The result was a brewery based in 18th-century barns at Manor Farm in Tongham, Surrey. Before they tried to sell beer, Martin would take samples of his first brews to pubs and leave them for locals to taste. For this shocking crime, he was threatened with arrest by Customs & Excise until he convinced them he wasn't selling beer without a licence.

Martin's benchmark was Hook Norton's Old Hooky. He wanted to brew a similar beer, but with less malty sweetness and greater hop character. He got a supply of yeast from Hook Norton and still uses the strain today. As commercial production began, Martin was joined in the brewery by wife Maureen. They have since divorced, but still work in harmony, even though Martin's new wife also works at Hogs Back.

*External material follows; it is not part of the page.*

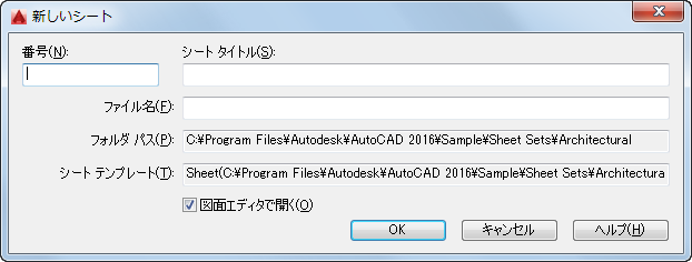 シート番号を指定します。初めてシートを作成する場合は、シート番号を入力しないことをお勧めします。既定では、新しいシートの図面名とレイアウト名は、シート番号とシート タイトルを組み合わせたものになります。

If it sounds like there's a soap opera waiting to be written about the company, be assured this is a sound operation that has achieved great success. The brewery has expanded into other barns on the farm, which stands in view of the famous Hogs Back Ridge across the South Downs and is the source for brewing water.

The brewery

The site includes a shop where visitors can take home draught and bottled beers. Hogs Back has a staff of 30, with a sales team based both at Manor Farm and in London. Five hundred pubs regularly take the beers, while a further 500 are supplied with guest beers.

The beer Martin fashioned in the early days became a regular brew branded TEA — Traditional English Ale.

It accounts for 70% of annual production and is joined by other regular beers — Hogs Back Bitter, Hop Garden Gold and A Over T. A Over T stands for Aromas Over Tongham and is a 9% barley wine. Along with TEA, it has won many awards. The core portfolio is joined by four seasonal beers and one-off brews.

Hogs Back sells beer in London, Kent, Surrey, Sussex and Wiltshire and supplies JDW, some Greene King outlets, Enterprise and Punch. The pubcos are sharp on price, says Tony, but are important in helping spread the brewery's name. The beers are available as guests in some Young's pubs in London while Hogs Back enjoys cult status on draught in the Green Man pub in Harrods. When the revamped Savoy Hotel in London re-opens, guests will find Hogs Back bottles in their fridges.

All seems well as you stand in the German-built brewhouse, but the founders have some tub-thumping to do. It concerns progressive beer duty (PBD), introduced by the last Labour government. PBD means craft brewers pay less duty, on a sliding scale, than bigger regionals and nationals.

"We knew PBD would lead to a price war," Martin says. "Pubs pay on price and some small brewers have started up in garages to undercut the likes of Hogs Back."

He pays £45,000 a month in duty, an eye-watering amount of money, while smaller brewers pay a fraction of that. The Hogs Back team thinks there's a strong case for a review of PBD, with a scale that benefits all brewers but doesn't penalise successful companies caught in the middle.

The politics of brewing! We soothe ourselves with a glass of TEA and toast a company that has put beer on the map on the South Downs.